Die Parteien streiten um die Wirksamkeit des Widerrufs von drei Verbraucherdarlehensverträgen.
Wegen des Sachverhalts und der erstinstanzlich gestellten Anträge wird auf die tatsächlichen Feststellungen im angefochtenen Urteil Bezug genommen. Im Berufungsrechtszug hat die Klägerin mit Schriftsatz vom 31. August 2016 ein Zurückbehaltungsrecht wegen ihrer Gegenansprüche auf Zahlung sowie Herausgabe einer löschungsfähigen Quittung hinsichtlich der als Sicherheiten für die drei Darlehen dienenden Grundschulden geltend gemacht.
Das Landgericht hat die Klage abgewiesen und zur Begründung im Wesentlichen ausgeführt: Im Zeitpunkt der Erklärung des Widerrufs sei die Widerrufsfrist bereits abgelaufen gewesen. Die Klägerin sei bei Abschluss des Darlehensvertrags ordnungsgemäß belehrt worden. Die Belehrung habe zwar nicht den Anforderungen von § 355 Abs. 2 Satz 1 BGB in der damals geltenden Fassung genügt. Die Beklagte könne sich jedoch auf die Gesetzlichkeitsfiktion des § 14 Abs. 1 und 3 BGB-InfoV in der maßgeblichen Fassung und das Muster der Anlage 2 hierzu berufen. Die von der Beklagten vorgenommenen Änderungen – insbesondere: Ergänzung der Überschrift, Fußnote, Belassen des Klammerzusatzes, Sammelbelehrung – stellten keine eigene inhaltliche Bearbeitung dar. Überdies sei die Ausübung des Widerrufsrechts rechtsmissbräuchlich.
Dagegen wendet sich die Klägerin mit ihrer Berufung. Die Beklagte könne sich nicht auf die Gesetzlichkeitsfiktion berufen; die Belehrung entspreche dem Muster weder äußerlich noch inhaltlich in jeder Hinsicht vollständig. Die Ausübung des Widerrufsrechts durch die Klägerin sei nicht rechtsmissbräuchlich.

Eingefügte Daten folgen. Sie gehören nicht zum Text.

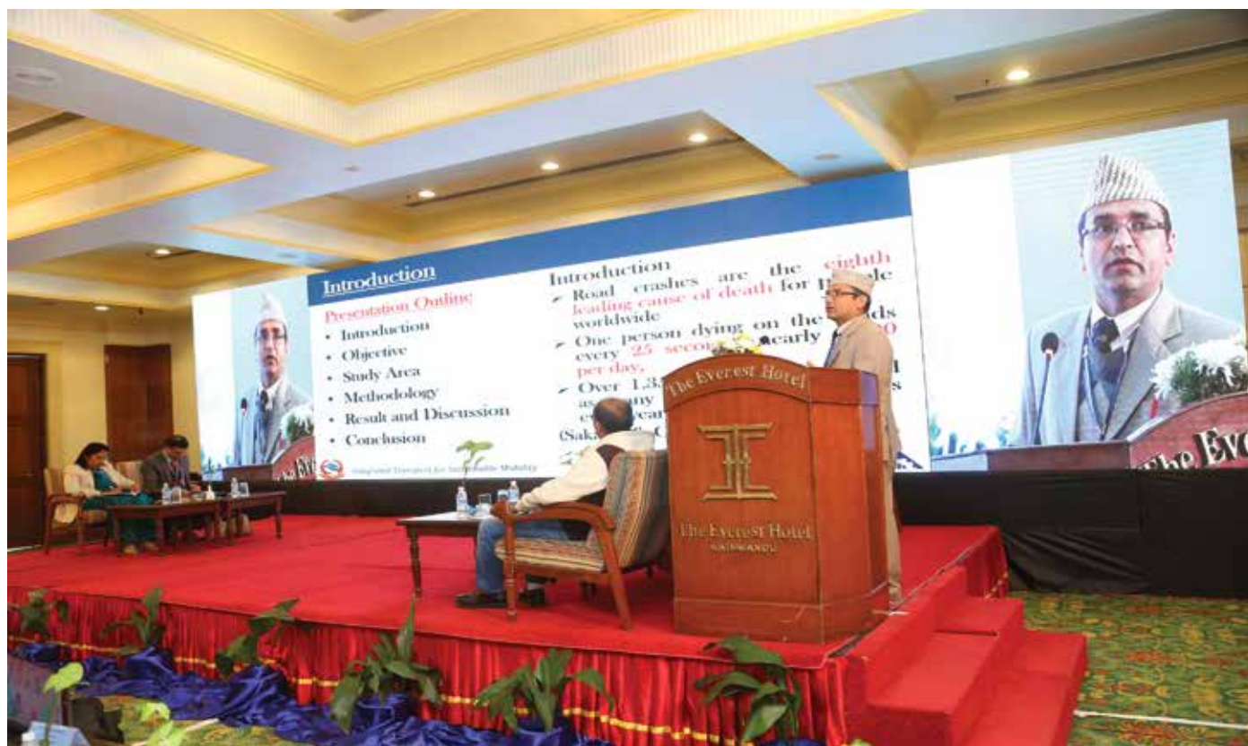
'Safety evaluation of National Highway using International Road Assessment Programme: A case study of NH14' –Mohan Dhoja K.C., et. al.

Die Klägerin hat in der Berufungsinstanz zunächst beantragt,
das Urteil des Landgerichts Lübeck vom 5. Februar 2016 – 3 O 201/15 – abzuändern und
festzustellen, dass die primären Leistungspflichten der Klägerin aus den mit der Beklagten geschlossenen Darlehensverträgen vom 23. Januar 2007 über 117.000,00 € zu der Konto-Nr. … und über 75.000,00 € zu der Konto-Nr. … sowie vom 14. Mai 2007 über 100.000,00 € zu der Konto-Nr. … zur Zahlung von Zinsen aufgrund des erklärten Verbraucherwiderrufs seit dem 6. Mai 2015 erloschen sind,
festzustellen, dass die unter 1. genannten Darlehensverträge aufgrund des erklärten Verbraucherwiderrufs vom 23. April 2015 in Rückgewährschuldverhältnisse umgewandelt worden sind,
a) festzustellen, dass die Beklagte verpflichtet ist, an die Klägerin im Rahmen der Rückabwicklung der unter 1. genannten Darlehensverträge einen Nutzungs(wert)ersatz in Höhe von 5 Prozentpunkten über dem jeweiligen Basiszinssatz in Bezug auf die von der Klägerin geleisteten Tilgungs- und Zinszahlungen auf diese Darlehen zu zahlen,
b) hilfsweise festzustellen, dass die Beklagte verpflichtet ist, an die Klägerin im Rahmen der Rückabwicklung der unter 1. genannten Darlehensverträge einen Nutzungs(wert)ersatz in Höhe von 2,5 Prozentpunkten über dem jeweiligen Basiszinssatz in Bezug auf die von der Klägerin geleisteten Tilgungs- und Zinszahlungen auf diese Darlehen zu zahlen,
a) festzustellen, dass die Beklagte verpflichtet ist, der Klägerin die Schäden zu ersetzen, die der Klägerin aus der mit Schreiben vom 6. Mai 2015 verweigerten Anerkennung der Wirksamkeit des unter dem 23. April 2015 erklärten Widerrufs der auf den Abschluss der unter 1. genannten Darlehensverträge gerichteten Willenserklärungen/verweigerten Rückabwicklung der unter 1. genannten Darlehensverträge entstehen werden,
b) festzustellen, dass die Beklagte verpflichtet ist, der Klägerin die Schäden zu ersetzen, die der Klägerin aus der mit Schreiben vom 21. Mai 2015 verweigerten Anerkennung der Wirksamkeit des unter dem 23. April 2015 erklärten Widerrufs der auf den Abschluss der unter 1. genannten Darlehensverträge gerichteten Willenserklärungen/verweigerten Rückabwicklung der unter 1. genannten Darlehensverträge entstehen werden.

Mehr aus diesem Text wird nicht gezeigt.